# Connection problems to netflix



## frosty12 (Mar 17, 2015)

Hi, i recently purchased a LG Smart tv and i have had nothing but trouble connecting to netflix. Initially it worked fine for a couple of days then stopped loading. The error message that i get says nw-2-5 and when i check internet connection through netflix it says the following- netflix server 1 ok, netflix server 2 nw -2-5, netflix server 3 nw -2-5 and finally the last one says connected to internet.
recently my son brought his smart tv round to our house and it worked straight away, then he took mine round to his house and it worked again straight away, when he returned mine and i connected everything back up it worked, but the day after i was back to square one with the same error code.
BT monitored my line for three days and they say everything ok as do netflix and LG.
Finally all our other devices ,smart phone and i pads connect without any problems.
Any help would be very much appreciated


----------



## etaf (Oct 2, 2003)

it may be an intermittent issue - can your son use ot for a few days and see if the problem occurs 
as you say


> then he took mine round to his house and it worked again straight away, when he returned mine and i connected everything back up it worked, but the day after i was back to square one with the same error code.

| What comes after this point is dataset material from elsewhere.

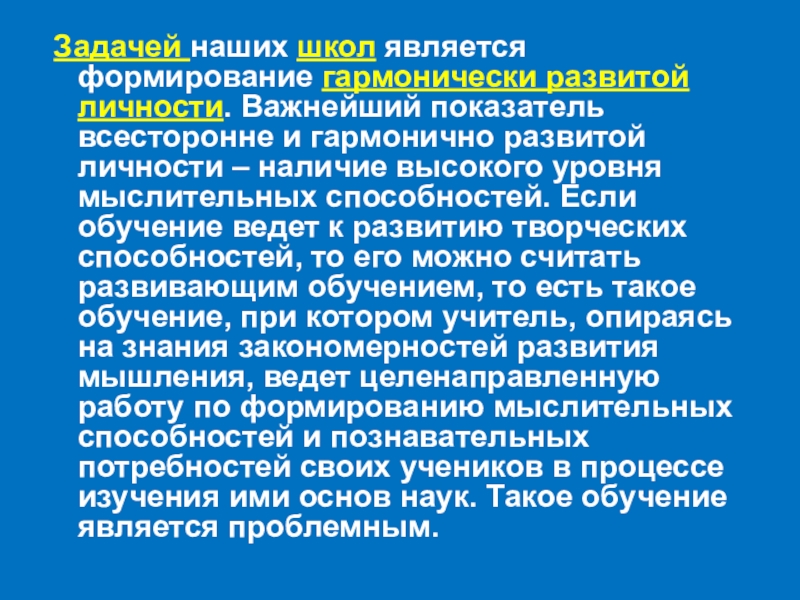 всесторонне и гармонично развитой личности – наличие высокого уровня мыслительных способностей. Если обучение ведет к развитию творческих способностей, то его можно считать развивающим обучением, то есть такое обучение, при котором учитель, опираясь на знания закономерностей развития мышления, ведет целенаправленную работу по формированию мыслительных способностей и познавательных потребностей своих учеников в процессе изучения ими основ наук. Такое обучение является проблемным.

https://help.netflix.com/en/node/14424

are you using wireless or a cable connection to your router?


----------



## frosty12 (Mar 17, 2015)

etaf said:


> it may be an intermittent issue - can your son use ot for a few days and see if the problem occurs
> as you say
> 
> https://help.netflix.com/en/node/14424
> ...


Ive tried both


----------



## Triple6 (Dec 26, 2002)

What's the exact models of the TV and the router? One or both may need a Firmware update to resolve compatibility or connectivity issues with certain devices.


----------



## frosty12 (Mar 17, 2015)

Triple6 said:


> What's the exact models of the TV and the router? One or both may need a Firmware update to resolve compatibility or connectivity issues with certain devices.


The TV is an LG55LB700V and the router is BT home hub 5


----------



## Triple6 (Dec 26, 2002)

The German LG site has a firmware update from last month: http://www.lg.com/de/service-produkt/lg-42LB700V#
Does your local country have one too?

BT Hub should have the lastest firmware but check it: http://bt.custhelp.com/app/answers/...check-the-firmware-version-on-my-bt-home-hub?


----------